- [EXERCISE DATA]:
[Start of section]
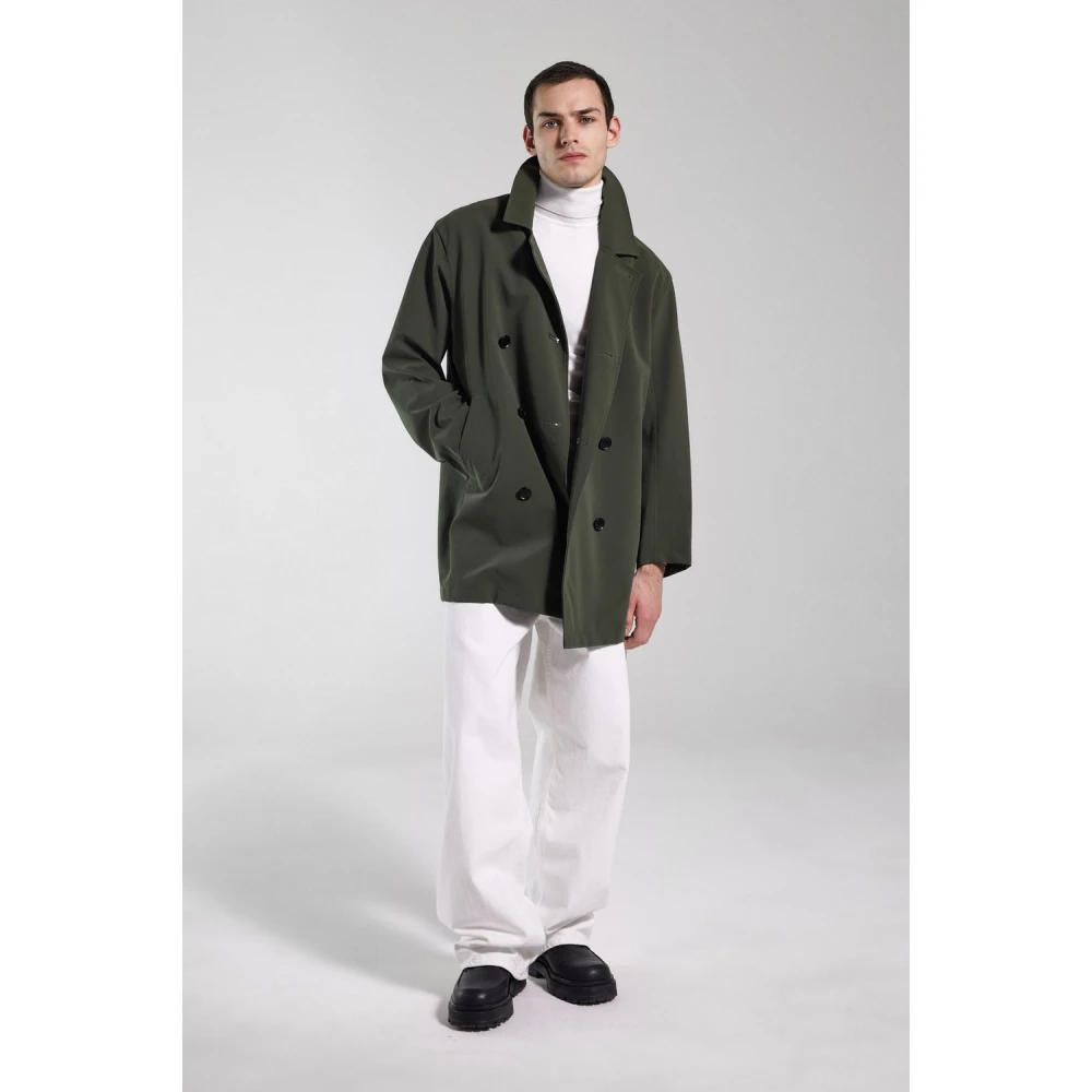 Atvidaberg is een klassiek gesneden double-breasted regenjas voor mannen. Blijf stijlvol en droog in dit tijdloze stuk gemaakt van licht en luchtig waterdicht materiaal met een matte afwerking. Op maat gemaakt met dubbel gelaste naden, het is volledig bestand tegen vocht, waardoor deze regenjas met regular fit de perfecte nette jas is voor onvoorspelbaar lenteweer.
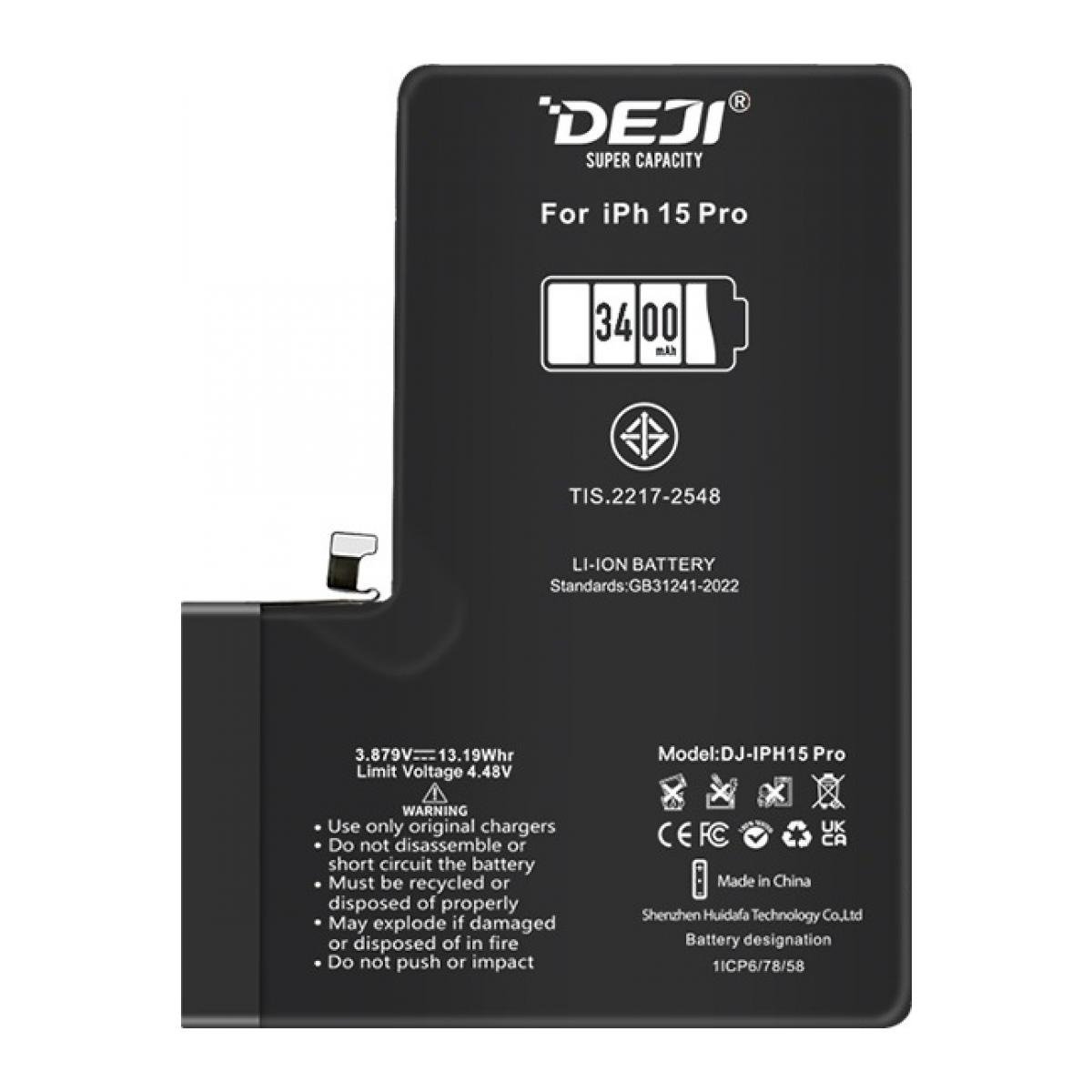 - Обираючи посилений акумулятор 3400 mAh DEJI, ви отримуєте оптимальне поєднання ємності, потужності та безпеки для Apple iPhone 15 Pro A3101.
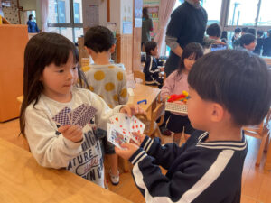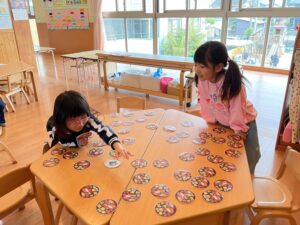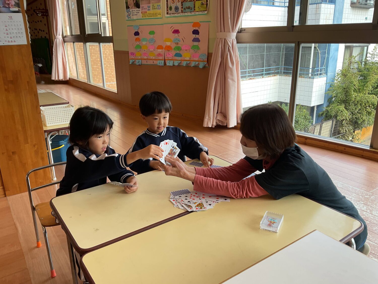 枚数の少ない絵合わせから始めた「カードめくり(神経衰弱)」も、今では枚数の多いトランプでも楽しみながら取り組めるようになりました😊✨
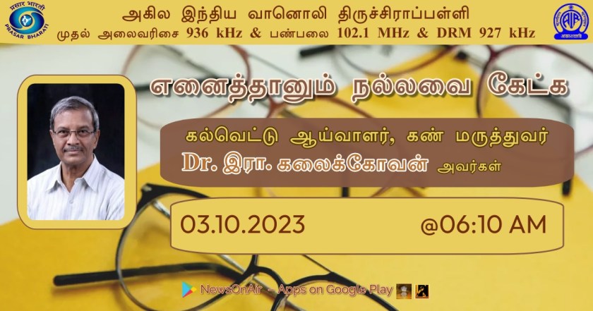 திருச்சிராப்பள்ளி வானொலி நிலையத்தின் ‘எனைத்தானும் நல்லவை கேட்க நிகழ்ச்சியைத் தொடர்ப் பொழிவாக 02.07.24 செவ்வாய்முதல் டாக்டர் இரா. கலைக்கோவன் வழங்கி வருகிறார். செவிவழி வரும் செய்திகளை அறிவுக்கான உணவு என்று அறிஞர்கள் கூறுவதைச் சுட்டி, அந்த அறிவை நெறிசார்ந்து வாழ்ந்தவர்கள் வாழ்க்கைவழி கேட்போர் பெற்றிட தம் பொழிவால் உதவுகிறார். அவ்வகையில், வையத்துள் வாழ்வாங்கு வாழ்ந்து வரலாறான பெருமக்களையும் அவர்தம் சீரிய பணிகளையும் சுவைமிகு செய்திகளாக நற்றமிழில் கேட்டு மகிழலாம்.
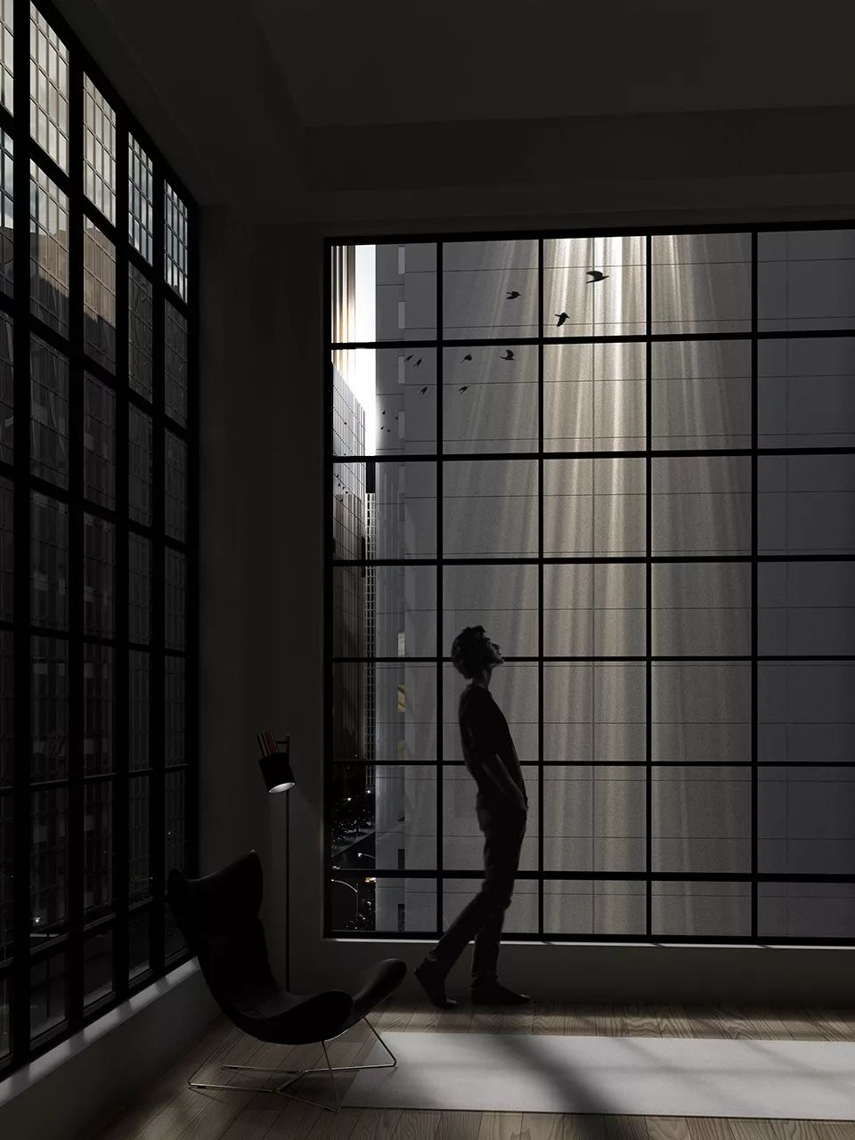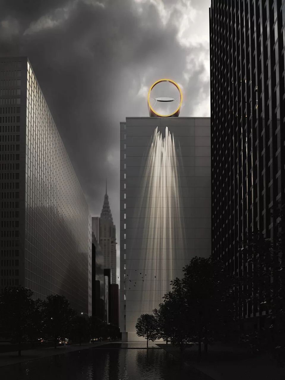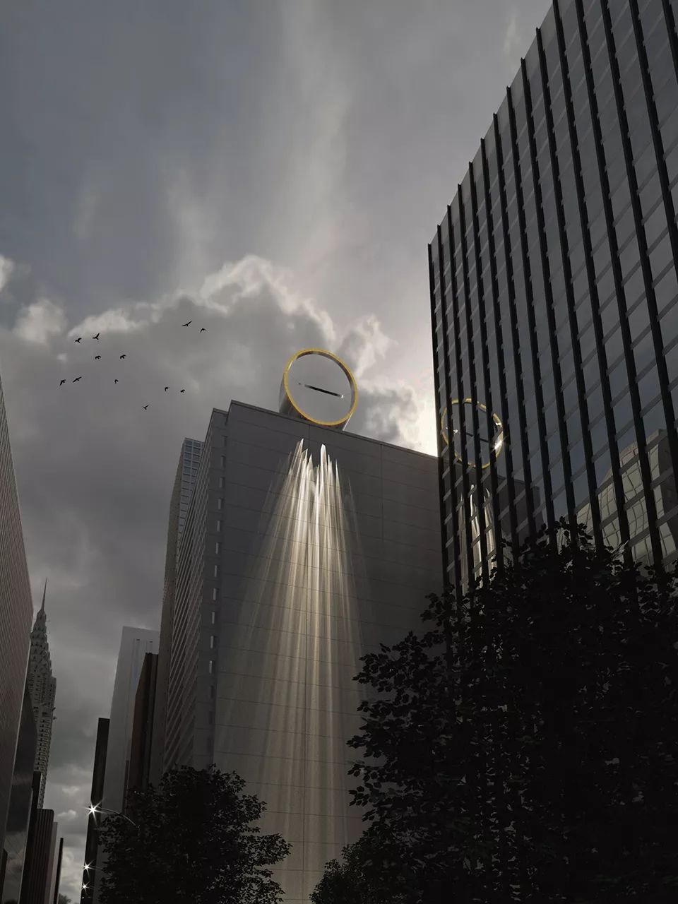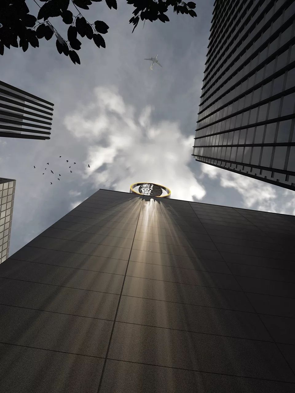 Helio Ray是一個(gè)以工程學(xué)為基礎(chǔ)的概念性項(xiàng)目,它被安裝在一棟高樓的頂部,并通過(guò)日光反射來(lái)獲取能源。機(jī)械化的鏡面能夠追蹤太陽(yáng)的運(yùn)行,并將陽(yáng)光匯聚為一道集中的光束。這道光束會(huì)被另一個(gè)特制的鏡面沿著建筑的立面向下反射,帶來(lái)令人驚嘆的效果。第二個(gè)反射鏡的表面呈波紋狀。整個(gè)裝置猶如對(duì)太陽(yáng)本身的延伸。反射器外部是一個(gè)發(fā)光的圓形結(jié)構(gòu),在夜間也十分引人注目。
[End of section]
- [EXERCISE]:
Transcribe each entry exactly, pictures excluded.

- [WRITTEN RESPONSE]:
 Atvidaberg is een klassiek gesneden double-breasted regenjas voor mannen. Blijf stijlvol en droog in dit tijdloze stuk gemaakt van licht en luchtig waterdicht materiaal met een matte afwerking. Op maat gemaakt met dubbel gelaste naden, het is volledig bestand tegen vocht, waardoor deze regenjas met regular fit de perfecte nette jas is voor onvoorspelbaar lenteweer.
 - Обираючи посилений акумулятор 3400 mAh DEJI, ви отримуєте оптимальне поєднання ємності, потужності та безпеки для Apple iPhone 15 Pro A3101.
 枚数の少ない絵合わせから始めた「カードめくり(神経衰弱)」も、今では枚数の多いトランプでも楽しみながら取り組めるようになりました😊✨
 திருச்சிராப்பள்ளி வானொலி நிலையத்தின் ‘எனைத்தானும் நல்லவை கேட்க நிகழ்ச்சியைத் தொடர்ப் பொழிவாக 02.07.24 செவ்வாய்முதல் டாக்டர் இரா. கலைக்கோவன் வழங்கி வருகிறார். செவிவழி வரும் செய்திகளை அறிவுக்கான உணவு என்று அறிஞர்கள் கூறுவதைச் சுட்டி, அந்த அறிவை நெறிசார்ந்து வாழ்ந்தவர்கள் வாழ்க்கைவழி கேட்போர் பெற்றிட தம் பொழிவால் உதவுகிறார். அவ்வகையில், வையத்துள் வாழ்வாங்கு வாழ்ந்து வரலாறான பெருமக்களையும் அவர்தம் சீரிய பணிகளையும் சுவைமிகு செய்திகளாக நற்றமிழில் கேட்டு மகிழலாம்.
 Helio Ray是一個(gè)以工程學(xué)為基礎(chǔ)的概念性項(xiàng)目,它被安裝在一棟高樓的頂部,并通過(guò)日光反射來(lái)獲取能源。機(jī)械化的鏡面能夠追蹤太陽(yáng)的運(yùn)行,并將陽(yáng)光匯聚為一道集中的光束。這道光束會(huì)被另一個(gè)特制的鏡面沿著建筑的立面向下反射,帶來(lái)令人驚嘆的效果。第二個(gè)反射鏡的表面呈波紋狀。整個(gè)裝置猶如對(duì)太陽(yáng)本身的延伸。反射器外部是一個(gè)發(fā)光的圓形結(jié)構(gòu),在夜間也十分引人注目。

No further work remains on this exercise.